Curtis opened a drawer and pulled out a Macbook Pro. He propped the screen upright and turned it on.
“We have a database with member information. Emergency contacts and the like. This should only take a moment.” He clicked a few buttons. “Here we are. Stephen’s contact was an aunt. Rosemary Mayhew.”
“We’ve been in touch with her already.”
“OK. Let’s see. Trinity’s birth name was Courtney Maroni. Her contact is a sister. She lives in Idaho, if I recall correctly. They weren’t close. Trinity had a troubled background. Broken family. Abusive stepfather. But here’s her sister’s phone number in any case,” he said, grabbing a small pad of paper and scribbling the digits. “Then we have Amaranth, formerly Bailey Harmon.”
When he finished copying down Amaranth’s information, he handed Darger the paper.
“This is a local number,” Darger said, recognizing the area code.
“Yes, she grew up here in Pennsylvania. One of the suburbs outside of Philadelphia, if I recall correctly.” Curtis tapped the pen against his palm. “Her parents came to one of our festivals, I think.”
“You don’t discourage them from seeing their family of origin?”
“Of course not. Not if they’re healthy relationships. But a great many families are not. They’re toxic,” Curtis said. “Society acts like family should always get a pass, but I think that’s a terrible message. That we should accept abuse from the very people who should give us unconditional love? Absurd.”
Darger’s mind puzzled over the fourth body for a moment — another dead male, definitely not Worm.

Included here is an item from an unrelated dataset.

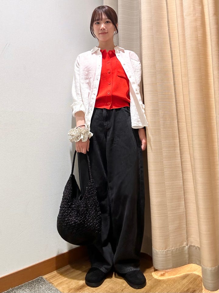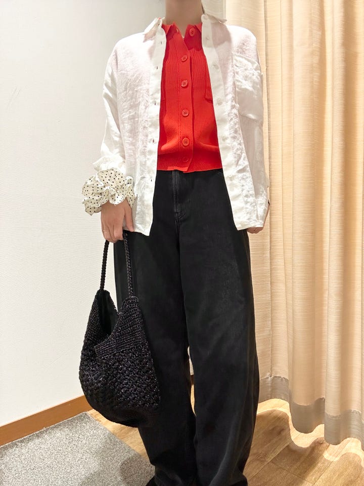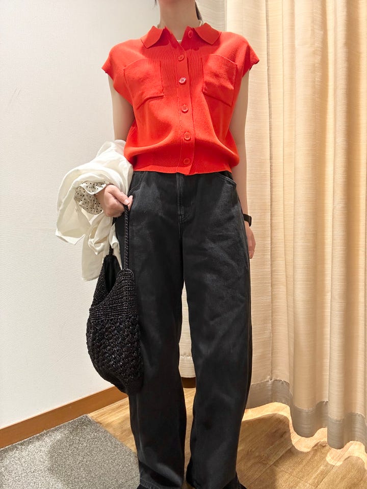 着心地:ニット素材ですが若干のシャリ感があるので夏でも暑くならずに着ていただけます。パキッとしたオレンジがかわいいです◎
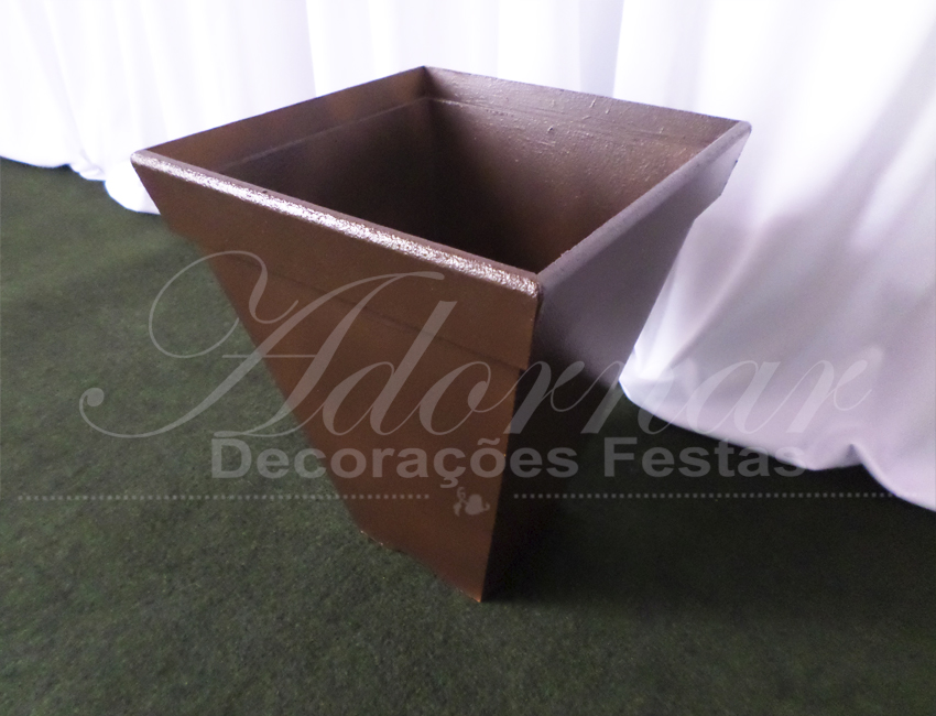 Aluguel de Vaso Cachepô de Chão Pequeno Marrom. Este vaso cachepô de chão pequeno marrom, pode ser usado para várias finalidades de decoração de festas. Exemplos: Para Colocar No Chão Ao Lado e/ou Em Frente de Mesas Decorativas, Vaso Cachepô Ideal Para Colocar Topiarias Buchinhos de Gramas Artificiais e de Flores.

“You would have mentioned if anyone else had gone missing from your… family… recently?” she said. “It just seems odd that three of our four bodies came from here.”
“Given what you’ve told me? Of course I would have said something if that were the case. But no one has gone ‘missing,’ and I can’t think of anyone I know who matches your John Doe.”
Darger glanced over at Loshak, who gave a slight nod.
“Let’s go see what Sandy can tell us about Worm.”
Chapter 29
He hurried through the tunnel. Felt his feet tilt that little bit deeper with every step.
Multiple copies of his shadow fluttered around him, a version of him cast from every single light bulb strung up along the wall. The bulbs buzzed endlessly, faint and high-pitched. The sound reminded him of the deer flies that used to swarm him in the summers as a kid, clusters of them orbiting his head and matting themselves in his hair.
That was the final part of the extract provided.